Work order
Return all the data below as it stands, minus the pictures.

Provided data

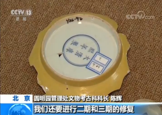 圆明园管理处文物考古科科长 陈辉:在这个一期修复完成之后,我们还要进行二期和三期的修复,争取把我们出土的这些众多的瓷片一件一件全部修复起来。
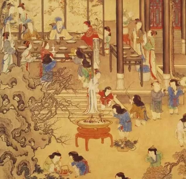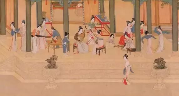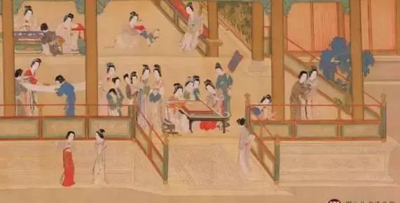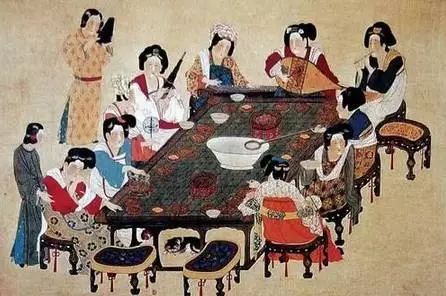 唐周昉《宮樂圖》——畫中餐桌踢打渾厚,裝飾華麗。貴婦們座下是月牙凳,凳面略有弧度,符合人體工學
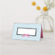 Cette carte de tente classique moderne comporte un ruban rose chic sur un rectangle de bordure noire contre un arrière - plan de pois bleu clair et noir sur l'avant/l'extérieur et un rose solide à l'intérieur duquel vous pouvez garder ou retirer. Il s'agit d'une carte de visite polyvalente que vous pouvez utiliser pour tout événement tel que mariages, fêtes, baby showers, douches nuptiales ou même pour vos réunions et conférences. Cette carte est facile à customiser; pour ajouter du texte, cliquez sur le bouton "Personnaliser". *Veuillez noter que le filigrane Zazzle qui apparaît dans l'aperçu du zoom n'apparaîtra pas sur le produit imprimé final © Rosewood et Citrus
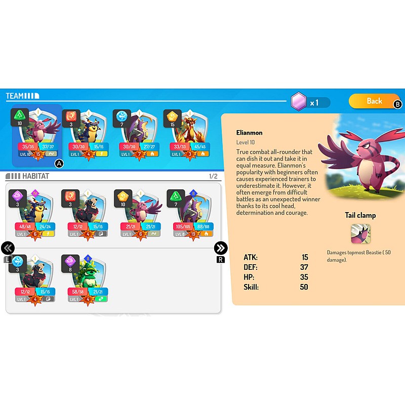 - Puteți îmbunătăți fiecare Beastie în parte, investind în sănătate, apărare, putere și abilități speciale,tu decizi cum să-ți configurezi echipa în funcție de strategia ta.
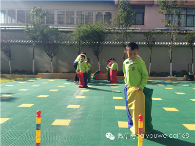 今天上午大班的宝贝们在老师的带领下练习行进跳跃(袋鼠跳),这项体育活动可以发展幼儿动作的协调能力,提高反应能力和控制能力以及发展幼儿初步的合作能力,感受与同伴合作游戏的快乐。
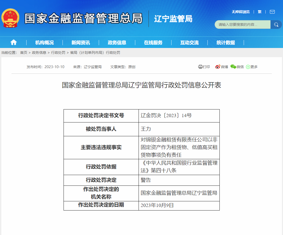 王力对锦银金融租赁有限责任公司以非固定资产作为租赁物、低值高买租赁物事项负有责任,辽宁监管局同样对其予以“警告”处罚。

Answer for this exercise
 圆明园管理处文物考古科科长 陈辉:在这个一期修复完成之后,我们还要进行二期和三期的修复,争取把我们出土的这些众多的瓷片一件一件全部修复起来。
 唐周昉《宮樂圖》——畫中餐桌踢打渾厚,裝飾華麗。貴婦們座下是月牙凳,凳面略有弧度,符合人體工學
 Cette carte de tente classique moderne comporte un ruban rose chic sur un rectangle de bordure noire contre un arrière - plan de pois bleu clair et noir sur l'avant/l'extérieur et un rose solide à l'intérieur duquel vous pouvez garder ou retirer. Il s'agit d'une carte de visite polyvalente que vous pouvez utiliser pour tout événement tel que mariages, fêtes, baby showers, douches nuptiales ou même pour vos réunions et conférences. Cette carte est facile à customiser; pour ajouter du texte, cliquez sur le bouton "Personnaliser". *Veuillez noter que le filigrane Zazzle qui apparaît dans l'aperçu du zoom n'apparaîtra pas sur le produit imprimé final © Rosewood et Citrus
 - Puteți îmbunătăți fiecare Beastie în parte, investind în sănătate, apărare, putere și abilități speciale,tu decizi cum să-ți configurezi echipa în funcție de strategia ta.
 今天上午大班的宝贝们在老师的带领下练习行进跳跃(袋鼠跳),这项体育活动可以发展幼儿动作的协调能力,提高反应能力和控制能力以及发展幼儿初步的合作能力,感受与同伴合作游戏的快乐。
 王力对锦银金融租赁有限责任公司以非固定资产作为租赁物、低值高买租赁物事项负有责任,辽宁监管局同样对其予以“警告”处罚。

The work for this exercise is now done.